*Supplied data*
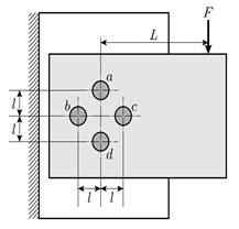 그림과 같은 겹치기 리벳이음에서 편심하중 F가 작용할 때 4개의 리벳 중 가장 큰 전단하중을 받는 것은?
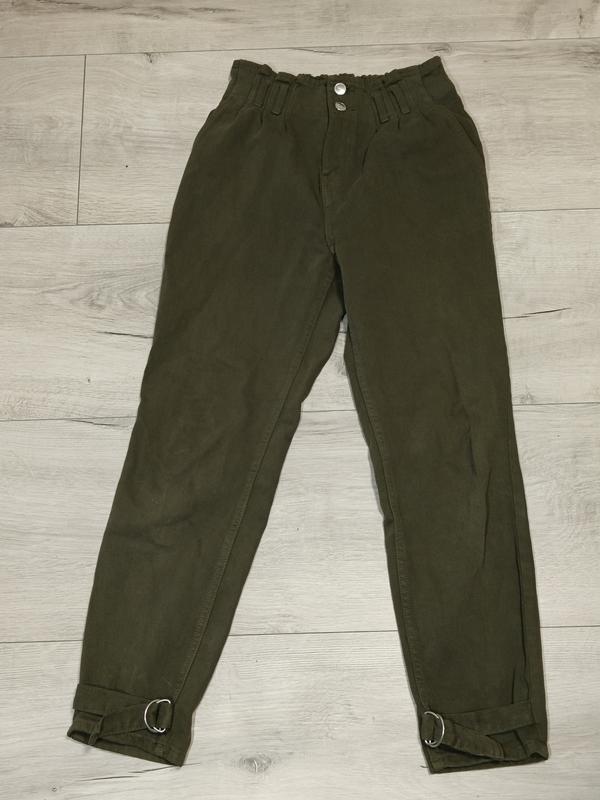 Классные джинсы зеленого/хаки цвета. размер 34 модель схожа на мом
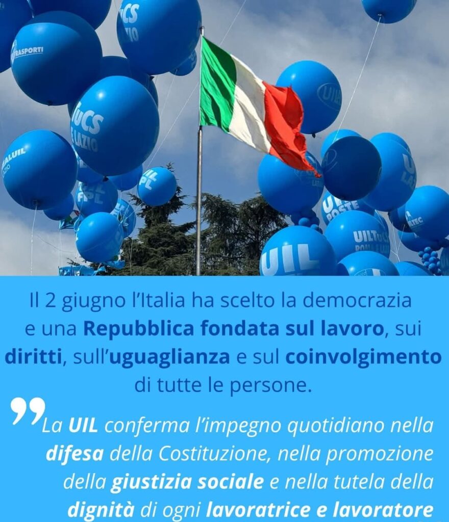 La partecipazione alle celebrazioni del 2 giugno conferma il legame indissolubile tra la UIL e i principi fondativi della Repubblica: lavoro, libertà, pace e giustizia sociale. In un tempo in cui i diritti vengono messi in discussione e il lavoro subisce nuove forme di precarizzazione, la UIL ribadisce il proprio impegno al fianco delle persone, per costruire una società più equa e solidale, nel rispetto dello spirito della Costituzione.
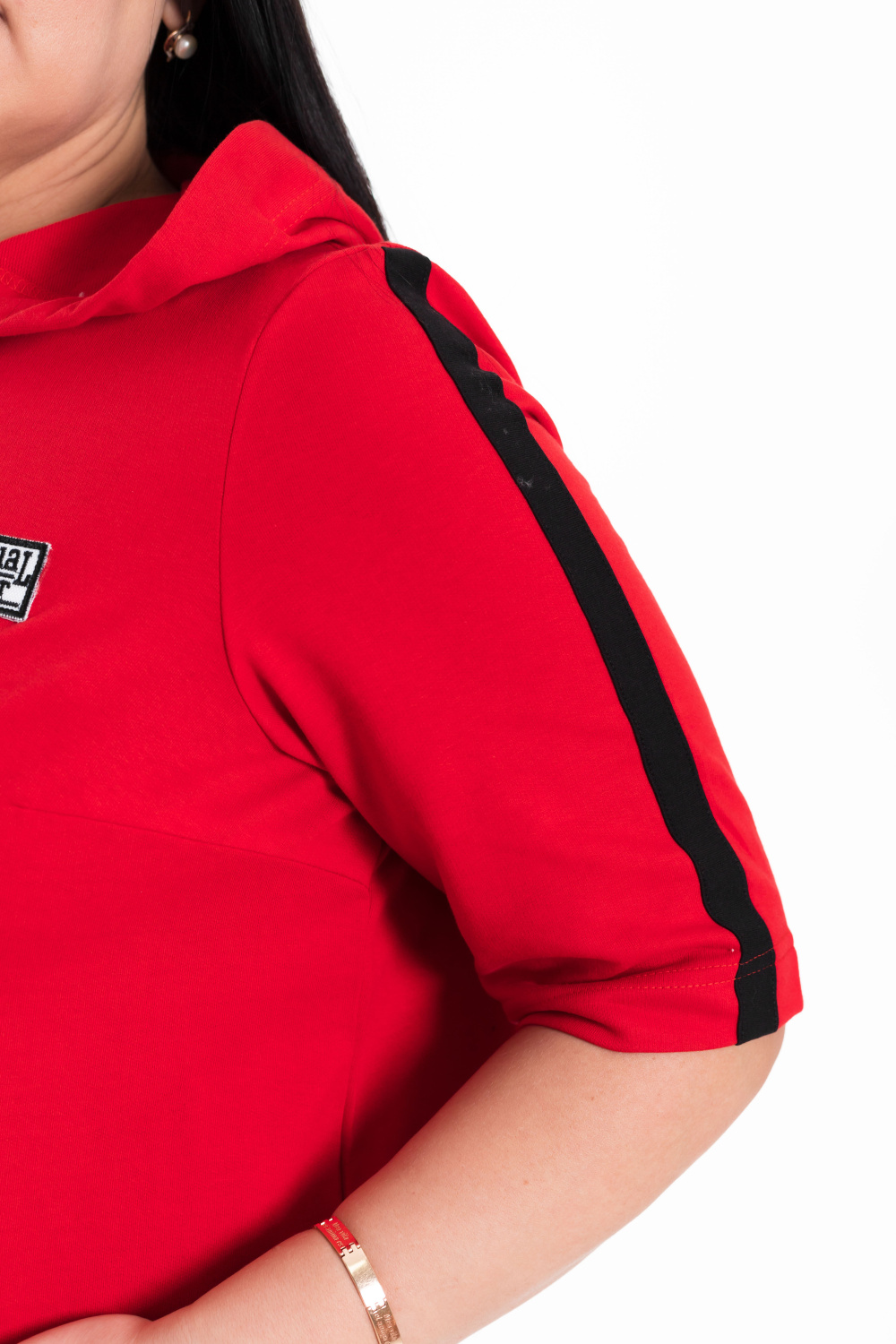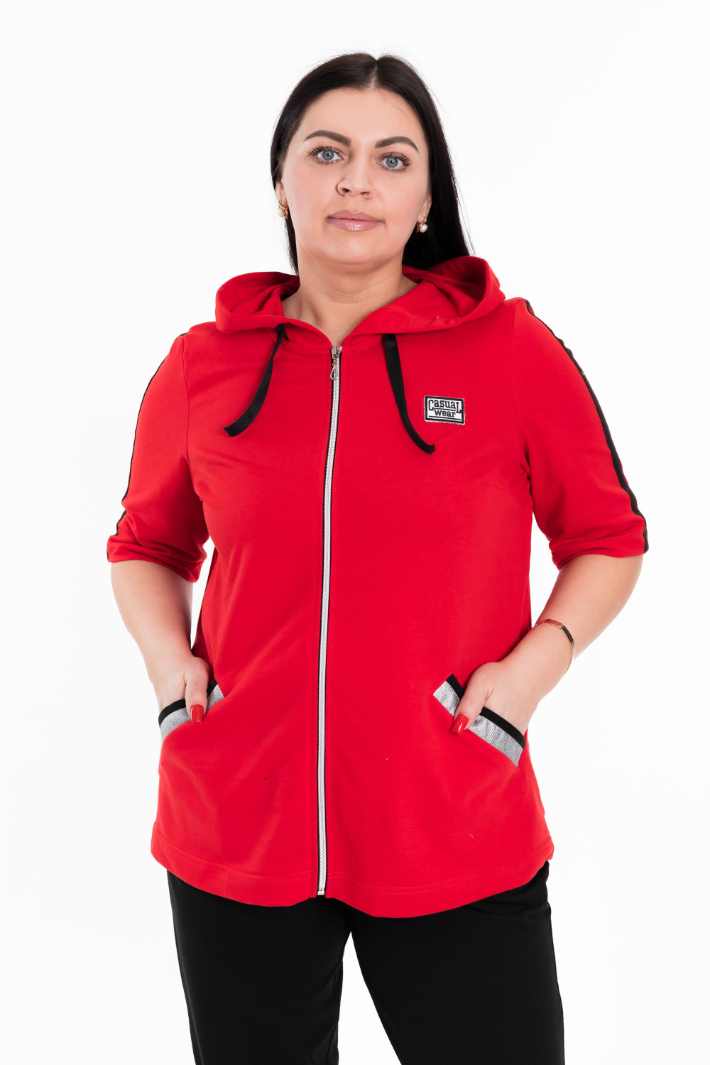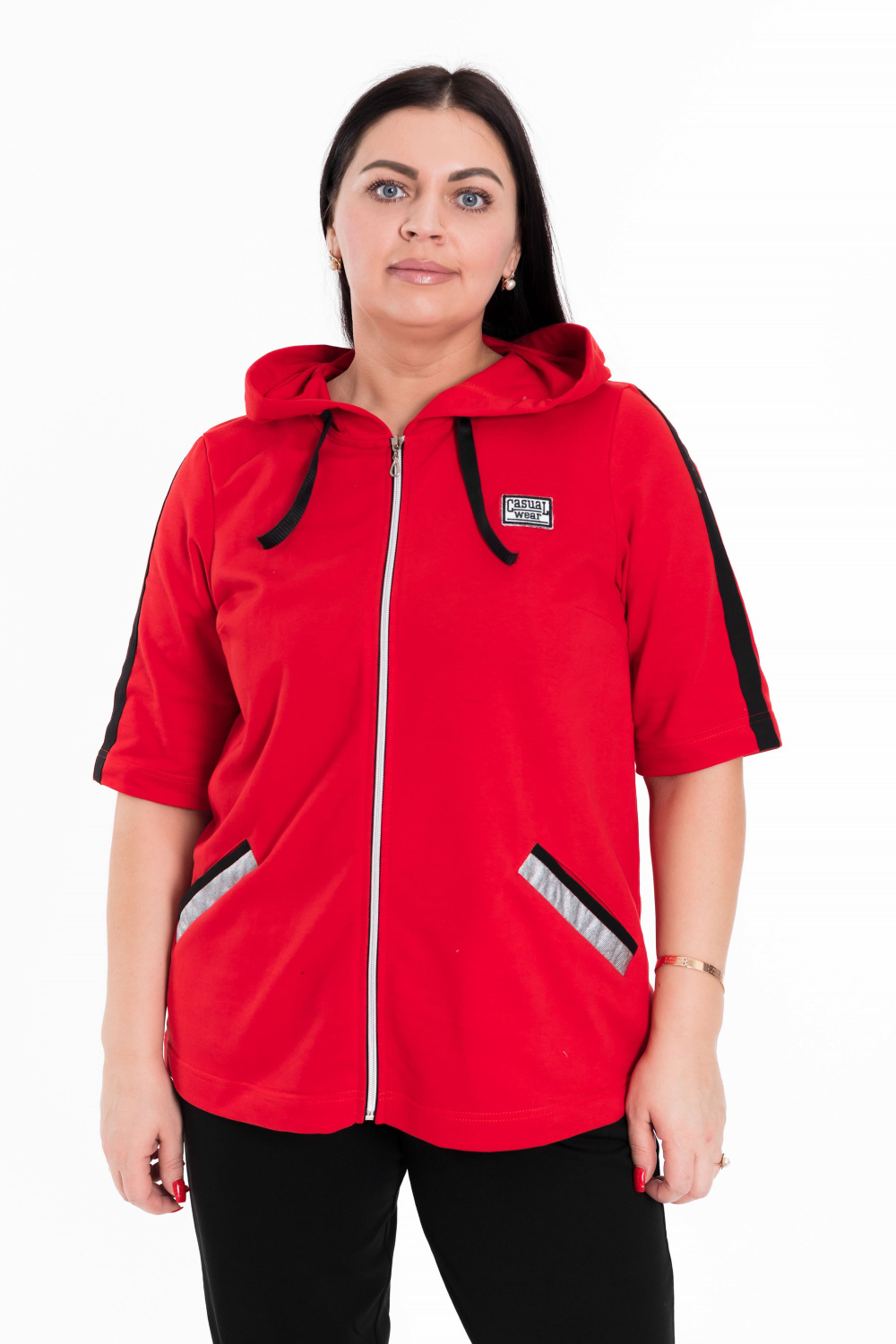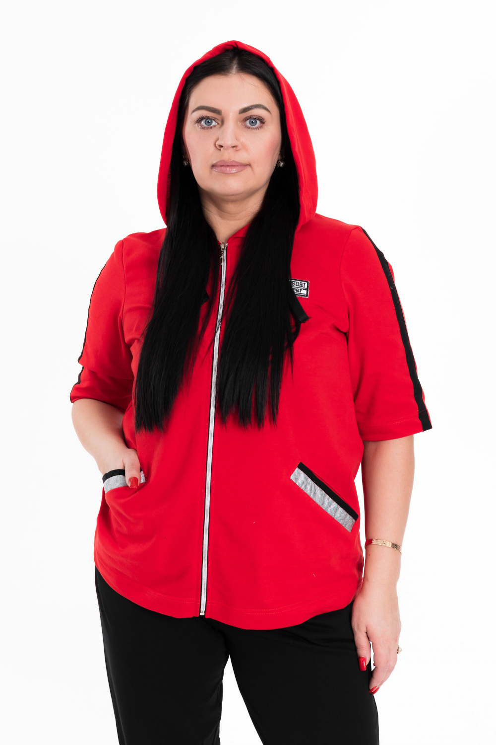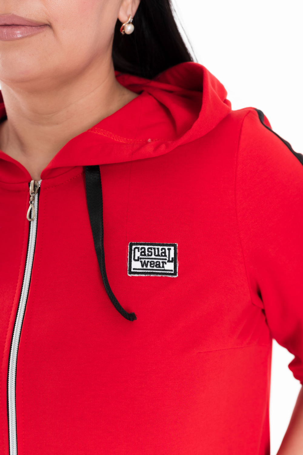 Женский костюм выполнен из хлопкового футера. Толстовка с короткими рукавами, прорезными карманами и застёжкой на молнию. Ширина капюшона регулируется при помощи шнура. Брюки с карманами по бокам, пояс и низ брюк на резине.

*What you have to do*
The expected answer is the whole listing above, copied exactly, with images excluded.

*Response below*
 그림과 같은 겹치기 리벳이음에서 편심하중 F가 작용할 때 4개의 리벳 중 가장 큰 전단하중을 받는 것은?
 Классные джинсы зеленого/хаки цвета. размер 34 модель схожа на мом
 La partecipazione alle celebrazioni del 2 giugno conferma il legame indissolubile tra la UIL e i principi fondativi della Repubblica: lavoro, libertà, pace e giustizia sociale. In un tempo in cui i diritti vengono messi in discussione e il lavoro subisce nuove forme di precarizzazione, la UIL ribadisce il proprio impegno al fianco delle persone, per costruire una società più equa e solidale, nel rispetto dello spirito della Costituzione.
 Женский костюм выполнен из хлопкового футера. Толстовка с короткими рукавами, прорезными карманами и застёжкой на молнию. Ширина капюшона регулируется при помощи шнура. Брюки с карманами по бокам, пояс и низ брюк на резине.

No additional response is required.